In your copy, each record should read exactly as it does below, and no pictures should be present.

BEGIN Source records

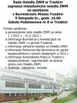Rada Osiedla ZWM w Trzebini zaprasza mieszkańców osiedla ZWM na spotkanie z Burmistrzem Miasta Trzebini 9. Listopada 2012 roku od godziny 16.00 w Szkole Podstawowej nr 8.
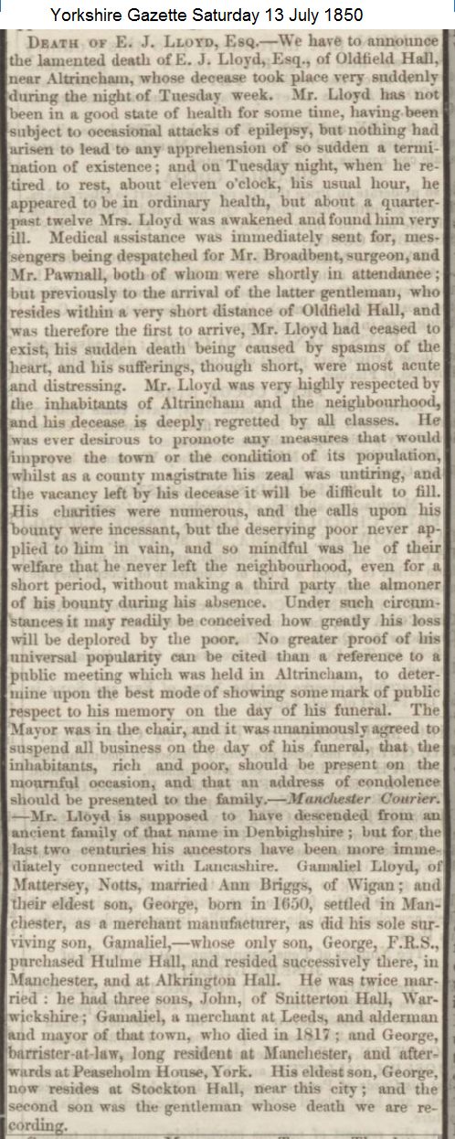 6) Elizabeth Lloyd was baptised on 8 May 1752 at Saint Ann, Manchester. She married Thomas Bateson Esq on 22 May 1779 at St Saviour, York. Their son Sir Robert Bateson MP of Belvoir Park was created a Baronet in 1816. 1) George Lloyd was baptised on 9 November 1748 at Middleton by Oldham, Lancs. and died on 12 October 1804. On 23 October 1781 at All Saints, Wakefield he married Elizabeth Naylor the daughter of Jeremiah Naylor a merchant of Wakefield. Elizabeth died on 30 October 1847. George was a Barrister at Law and lived in Manchester before moving to Acomb, York. George and Elizabeth had 5 children: 2) Edward Jeremiah Lloyd was born on 22 June 1790 and baptised on 11 August 1790 at Rostherne, Cheshire. He died in1850 at Altrincham and was buried on 10 July 1850 at Bowdon, Cheshire.
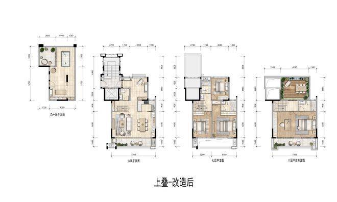 六层餐客厅厨房,七层是休息区共有3间卧室,八层整一层南北通透的大主卧,北有露台南有阳台。
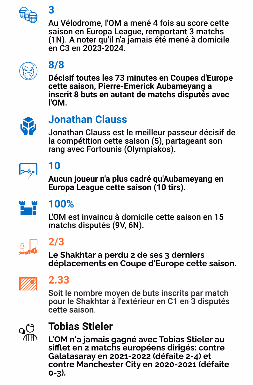 Les statistiques marseillaises et ukrainiennes avant l’opposition entre les deux formations, jeudi 22 février à 21h au Stade Vélodrome pour le match retour des barrages de l'Europa League en 2023-2024.
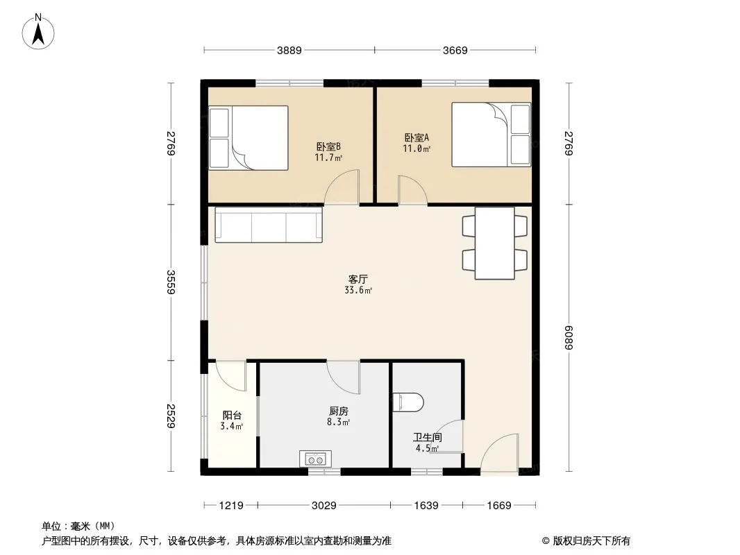 户型齐全,主打明厨,客厅朝南二居

END Source records

__Exercise response__:
Rada Osiedla ZWM w Trzebini zaprasza mieszkańców osiedla ZWM na spotkanie z Burmistrzem Miasta Trzebini 9. Listopada 2012 roku od godziny 16.00 w Szkole Podstawowej nr 8.
 6) Elizabeth Lloyd was baptised on 8 May 1752 at Saint Ann, Manchester. She married Thomas Bateson Esq on 22 May 1779 at St Saviour, York. Their son Sir Robert Bateson MP of Belvoir Park was created a Baronet in 1816. 1) George Lloyd was baptised on 9 November 1748 at Middleton by Oldham, Lancs. and died on 12 October 1804. On 23 October 1781 at All Saints, Wakefield he married Elizabeth Naylor the daughter of Jeremiah Naylor a merchant of Wakefield. Elizabeth died on 30 October 1847. George was a Barrister at Law and lived in Manchester before moving to Acomb, York. George and Elizabeth had 5 children: 2) Edward Jeremiah Lloyd was born on 22 June 1790 and baptised on 11 August 1790 at Rostherne, Cheshire. He died in1850 at Altrincham and was buried on 10 July 1850 at Bowdon, Cheshire.
 六层餐客厅厨房,七层是休息区共有3间卧室,八层整一层南北通透的大主卧,北有露台南有阳台。
 Les statistiques marseillaises et ukrainiennes avant l’opposition entre les deux formations, jeudi 22 février à 21h au Stade Vélodrome pour le match retour des barrages de l'Europa League en 2023-2024.
 户型齐全,主打明厨,客厅朝南二居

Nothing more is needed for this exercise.